__Problem details__: Restate word for word the entries below, starting at the line with "Férfi HI-VIS munkanadrág" and ending at the line with "胸元のフリルが特別感を演出し". Keep both end lines and omit the pictures.

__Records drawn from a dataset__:

-=-=-

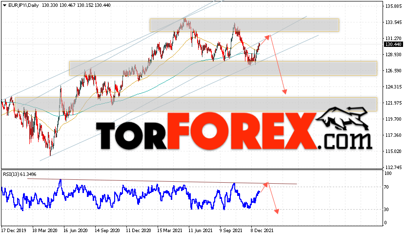 Дополнительным сигналом в пользу падения валютной пары Доллар Франк выступит тест линии тренда на индикаторе относительной силы. Вторым сигналом станет отскок от нижней границы бычьего канала. Отменой варианта падения EUR/JPY станет сильный рост цены и пробой области 134.05. Это укажет на пробой области сопротивления и продолжение роста пары на Форекс с целью выше области 137.25. Подтверждением падения пары на текущей торговой неделе 3 — 7 января 2022 выступит пробой области поддержки и закрытие котировок ниже уровня 126.55.
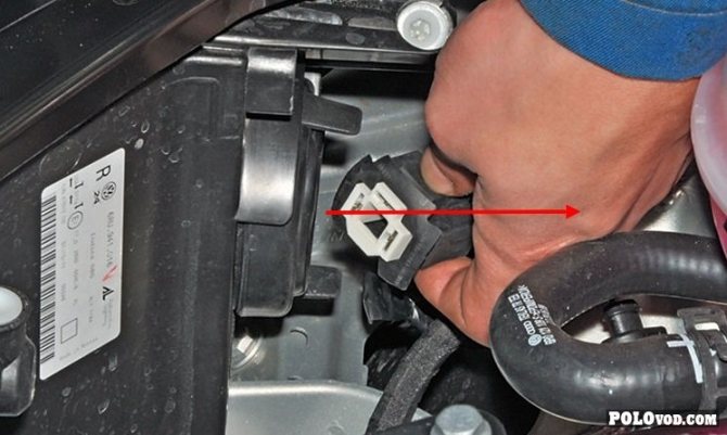 - Чтобы достать лампу ближнего света на автомобиле Фольксваген Поло, нужно повернуть ручку цоколя и освободить «лапки», которые держат деталь, из пазов.
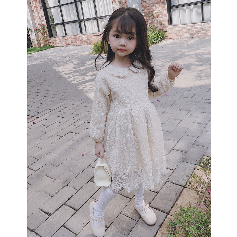 Girls doll collar long-sleeved dress spring and autumn foreign style little girl princess skirt 2022 autumn new children's skirt
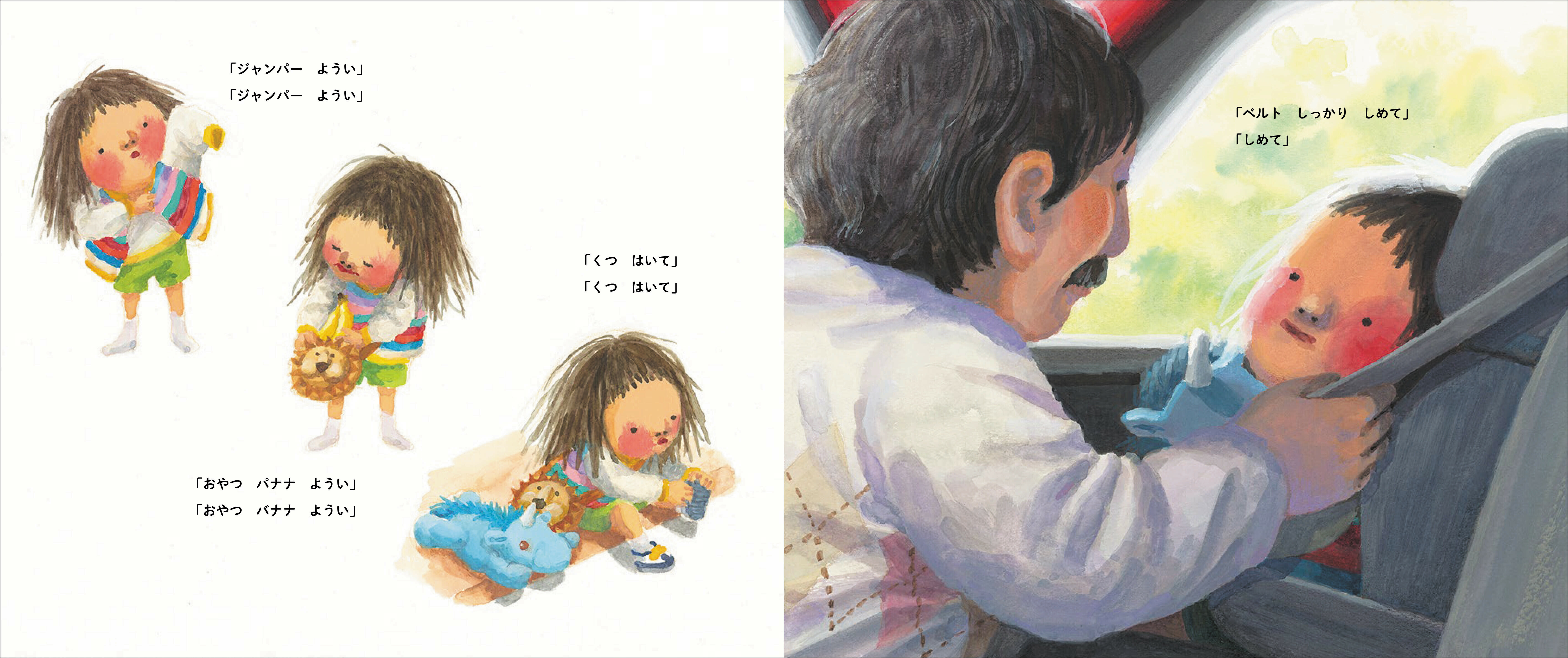 「ドライブってね、くるまで おでかけすること。さ、じゅんび じゅんび」
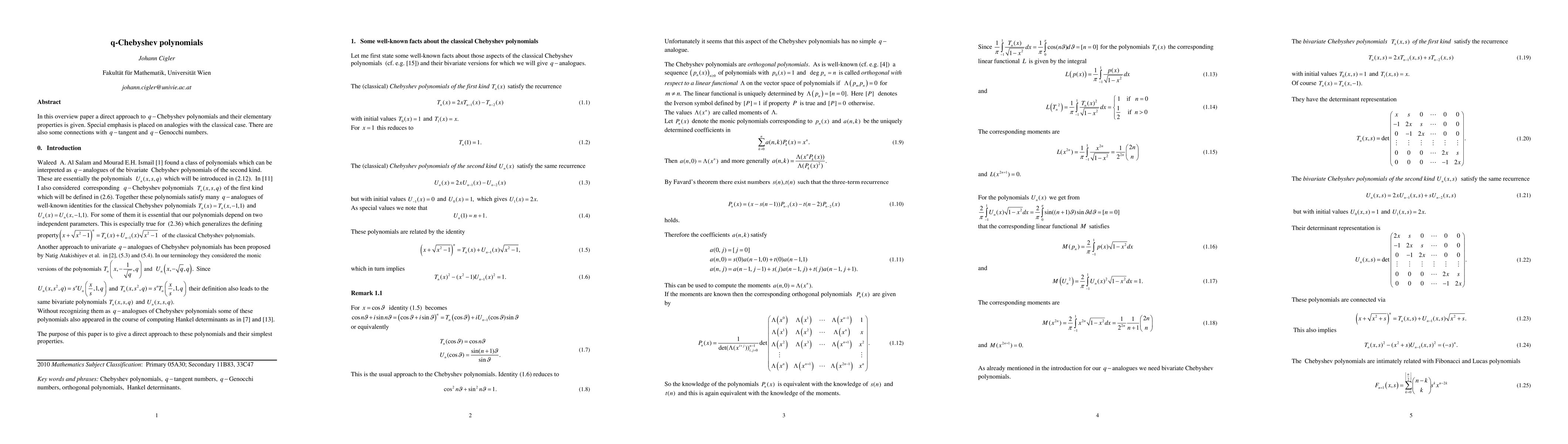 Summary: This paper provides an overview of q-Chebyshev polynomials, highlighting their fundamental properties and comparing them with classical Chebyshev polynomials, while also exploring links to q-tangent and q-Genocchi numbers.
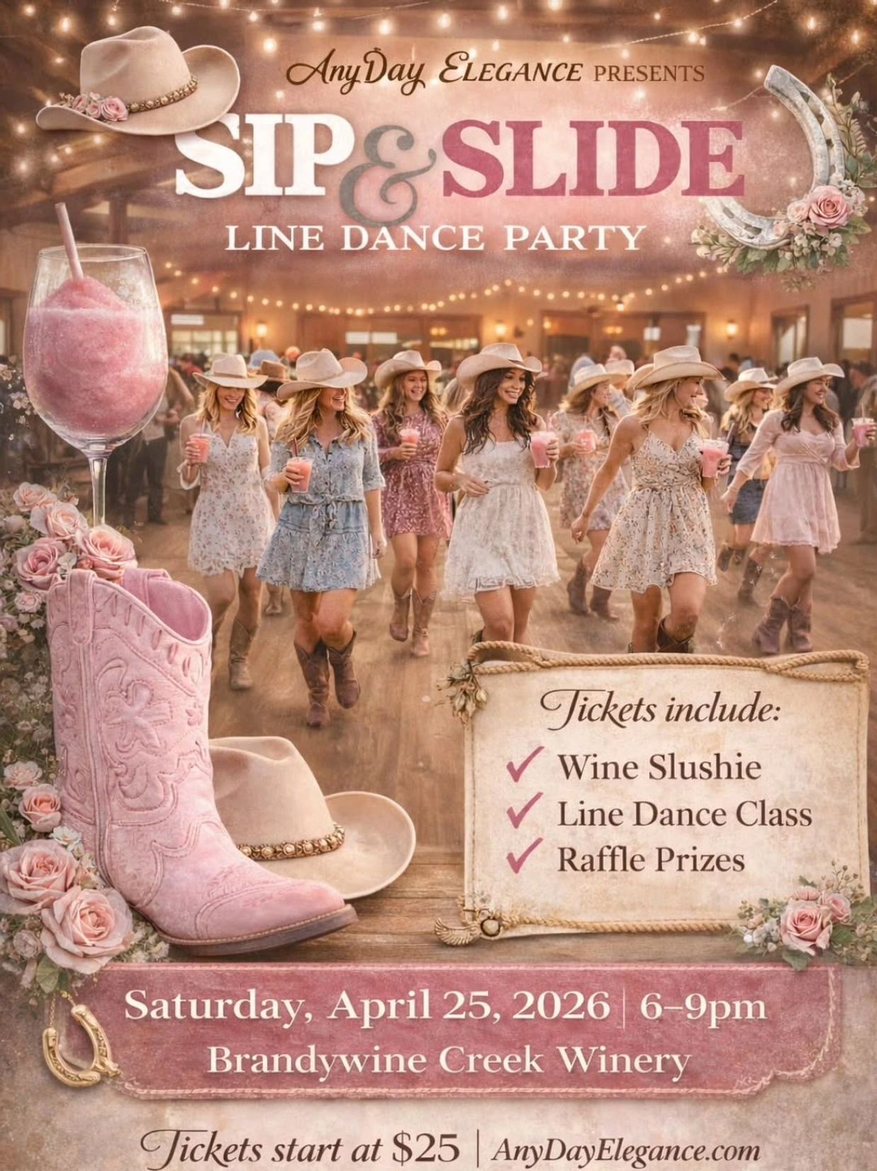 Grab your boots, your besties, and your cowboy hats—it’s time for a night of fun, laughter, and line dancing at the Sip & Slide Line Dance Party!
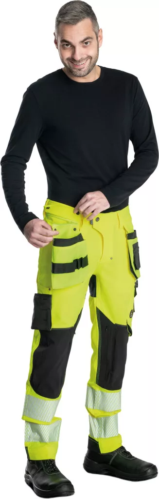 Férfi HI-VIS munkanadrág egyedi négyirányú stretch anyagból, Trifibetex-VIS® alapanyagból, melyet 2 eltávolítható, multifunkcionális lengőzseb egészít ki • 2 elülső ékzseb • 2 hátsó felvarrt zseb tépőzárral • nagy multifunkcionális zseb a bal combon • jobb combon multifunkcionális zseb kés és mérőeszközök tárolására • CORDURA® megerősítés a térdrészen, opcionális térdvédő behelyezési lehetőséggel • tartós hármas varrás a szárakon és az üleprészen• rugalmas derék • állítható lábhossz • 7,5 cm széles nyomtatott és szegmentált fényvisszavető csíkok • színben harmonizáló fényvisszavető részletek
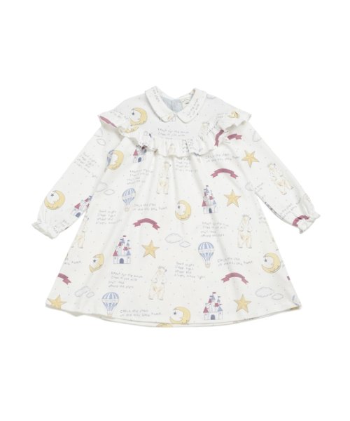 胸元のフリルが特別感を演出してくれるワンピース。背中の開きはスナップ釦で開け閉めできるので着脱しやすいのがポイントです。寒い冬にうれしい、起毛したやわらかなスムース素材のカットソー生地を使っているので、暖かくて優しい着心地も魅力。また、華やかな星やお城、クマ、気球など、絵本からインスパイアされたファンタジー柄と、’たくさん寝よう’、’星をつかまえよう’などファンタジーな英文が入っています。寝ている間もきっとHAPPYな時間を過ごせるはず。
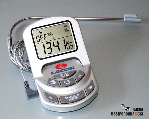 Además del uso básico, este termómetro digital de Lacor con sonda de acero inoxidable, dispone de funcionalidades muy útiles que nos permiten dedicar el tiempo a otros menesteres mientras estamos cocinando, nos avisa mediante señal acústica cuando llega a la temperatura marcada, en su pantalla nos muestra la temperatura de cocción y la temperatura límite, además el reloj y el temporizador, disponiendo de un contador ascendente/descendente.
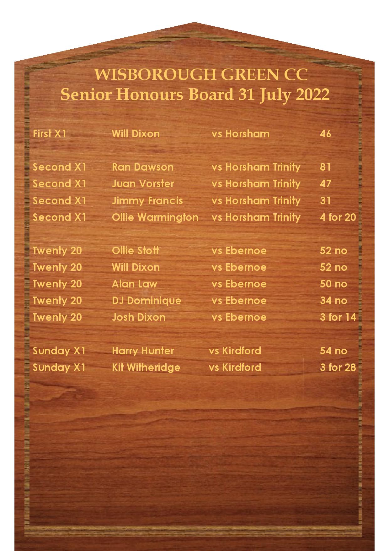 Ran Dawson steadied the ship with some fine batting and taking his chances after some poor fielding gave him a lifeline. Jimmy Francis made a welcome return to the crease in his customary game against Horsham Trinity. He played some great shots and hit numerous boundaries before finally being caught behind on 31.
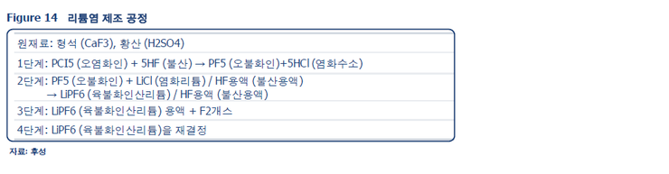대표적인 리튬염인 LiPF6 는 불산(HF)을 핵심적으로 활용해서 만들어 진다.
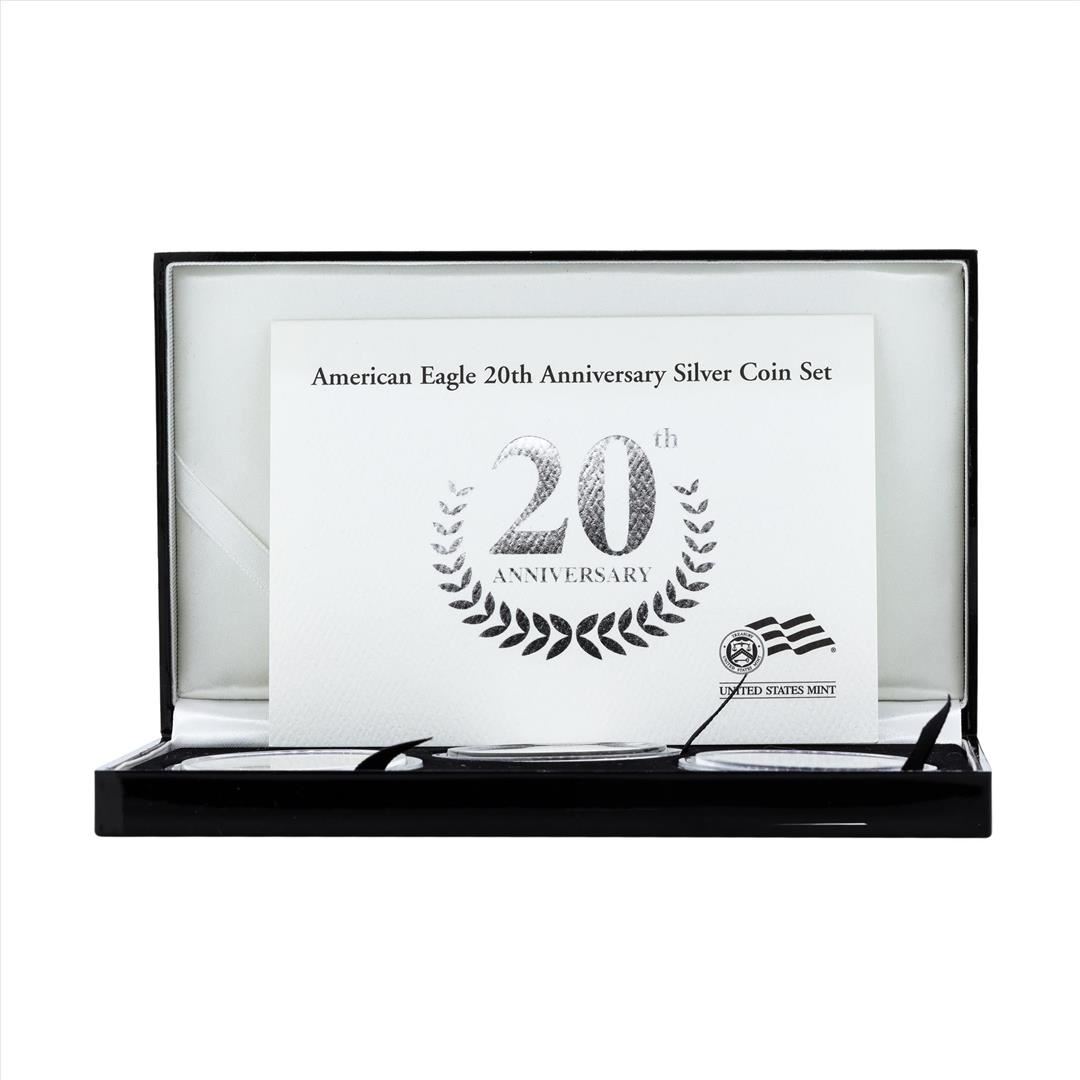 One 2006 (3) Coin $1 American Silver Eagle 20th Anniversary Silver Coin Set.
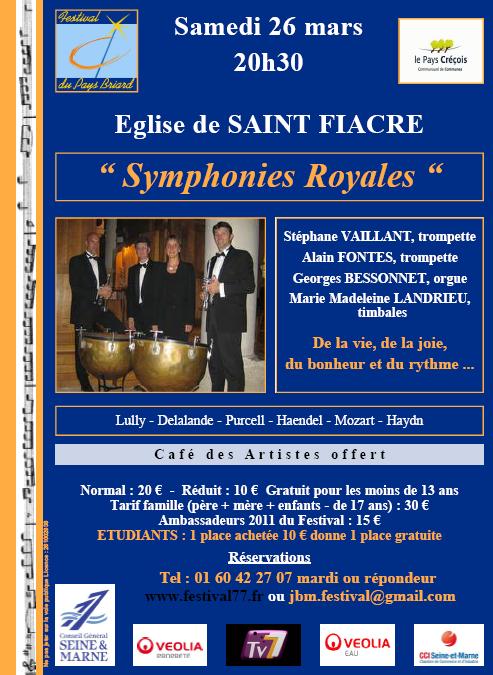 Retenez la date du samedi 26 mars 2011 à 20h30, sur vos agendas. En effet, la Communauté de Communes du Pays Créçois, la municipalité de St Fiacre et le Festival du Pays Briard, organisent un événement exceptionnel à l’église. |

-=-=-

__Reply__:
 Férfi HI-VIS munkanadrág egyedi négyirányú stretch anyagból, Trifibetex-VIS® alapanyagból, melyet 2 eltávolítható, multifunkcionális lengőzseb egészít ki • 2 elülső ékzseb • 2 hátsó felvarrt zseb tépőzárral • nagy multifunkcionális zseb a bal combon • jobb combon multifunkcionális zseb kés és mérőeszközök tárolására • CORDURA® megerősítés a térdrészen, opcionális térdvédő behelyezési lehetőséggel • tartós hármas varrás a szárakon és az üleprészen• rugalmas derék • állítható lábhossz • 7,5 cm széles nyomtatott és szegmentált fényvisszavető csíkok • színben harmonizáló fényvisszavető részletek
 胸元のフリルが特別感を演出してくれるワンピース。背中の開きはスナップ釦で開け閉めできるので着脱しやすいのがポイントです。寒い冬にうれしい、起毛したやわらかなスムース素材のカットソー生地を使っているので、暖かくて優しい着心地も魅力。また、華やかな星やお城、クマ、気球など、絵本からインスパイアされたファンタジー柄と、’たくさん寝よう’、’星をつかまえよう’などファンタジーな英文が入っています。寝ている間もきっとHAPPYな時間を過ごせるはず。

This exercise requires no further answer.